Periódico con noticias de Acapulco y Guerrero

De nueve disparos sólo uno fue al aire, aseguran pobladores de Oaxaquillas

 * Los preventivos extorsionan a los vecinos del lugar, afirman * La situación ya es conocida por el secretario de Protección y Vialidad y por el director de la Policía Preventiva pero no han corregido la conducta de los efectivos, señalan

 Adalberto Valle * Al mediodía de este lunes fue sepultado el niño Jorge Luis Evangelista Hernández de 14 años, quien murió durante la madrugada del pasado domingo al recibir un balazo en el cráneo, en un tiroteo que tuvo lugar en el poblado de Oaxaquillas, y que según diversos testimonios de testigos fueron los policías municipales quienes dispararon y que de los aproximadamente nueve tiros que se escucharon, sólo uno fue al aire, en contraposición a la versión oficial defendida por el mismo alcalde Alberto López Rosas.

Según versiones de pobladores, en Oaxaquillas y localidades cercanas, la policía preventiva se ha dedicado a extorsionar a los habitantes, a quienes se llevan detenidos “por andar tomando en la calle” y después los “sueltan” luego de quitarles el dinero.
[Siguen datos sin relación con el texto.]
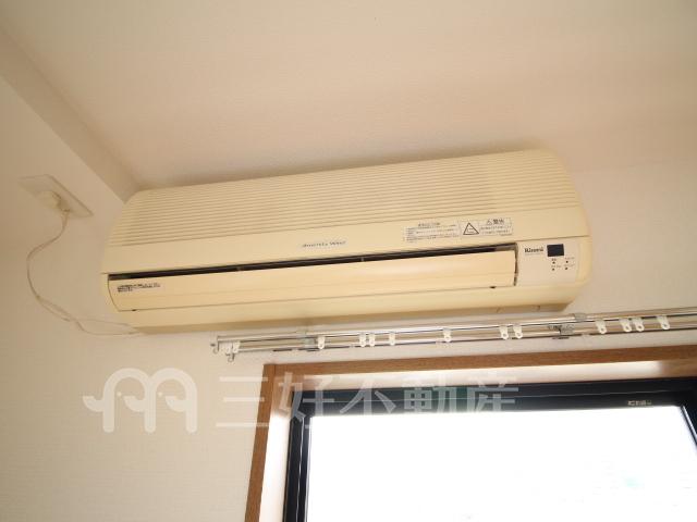 BS放送、インターフォン、プロパンガス、給湯、クローゼット、ガスコンロ設置可、シャワー、シャンプードレッサー、シューズボックス、収納、バストイレ別、洗濯機置き場室内有り、洗面所、独立洗面台、トイレ専用(水洗)、トイレ数一基、バルコニー、バス専用、フローリング、エアコン、洗面台
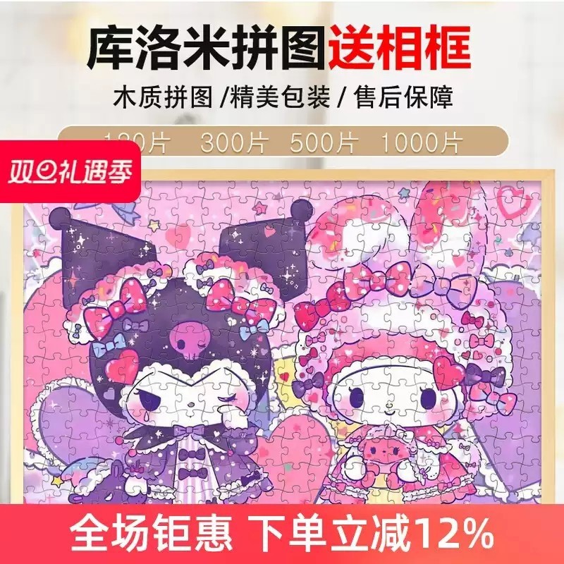 库洛米拼图木质300/500片美乐蒂儿童益智6岁以上女孩8-10岁动漫
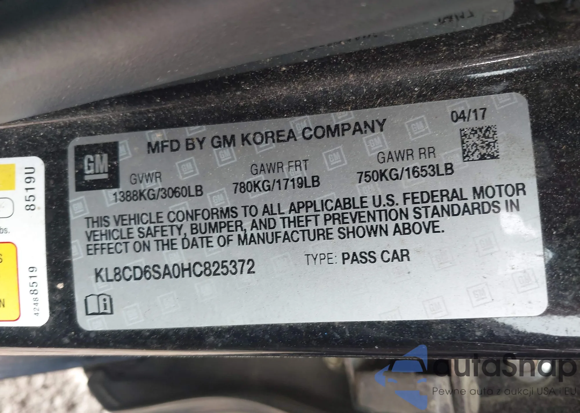 • VIN KL8CD6SA0HC825372

Inclusive, platicaron que esta situación ya es conocida por el secretario de Protección y Vialidad, Antonio Valenzuela Valdez y por el director de la Policía Preventiva, Ernesto Ríos, pero que hasta la fecha no han corregido la conducta de los efectivos.

Durante el entierro, el cuerpo fue acompañado por unas 200 personas, entre estas, varios estudiantes de la escuela secundaria número 14 José Agustín Ramírez, en la que Jorge Luis cursaba el tercer grado en el grupo D, quienes mostraban una cartulina donde pedían justicia para Quincho, como le llamaban.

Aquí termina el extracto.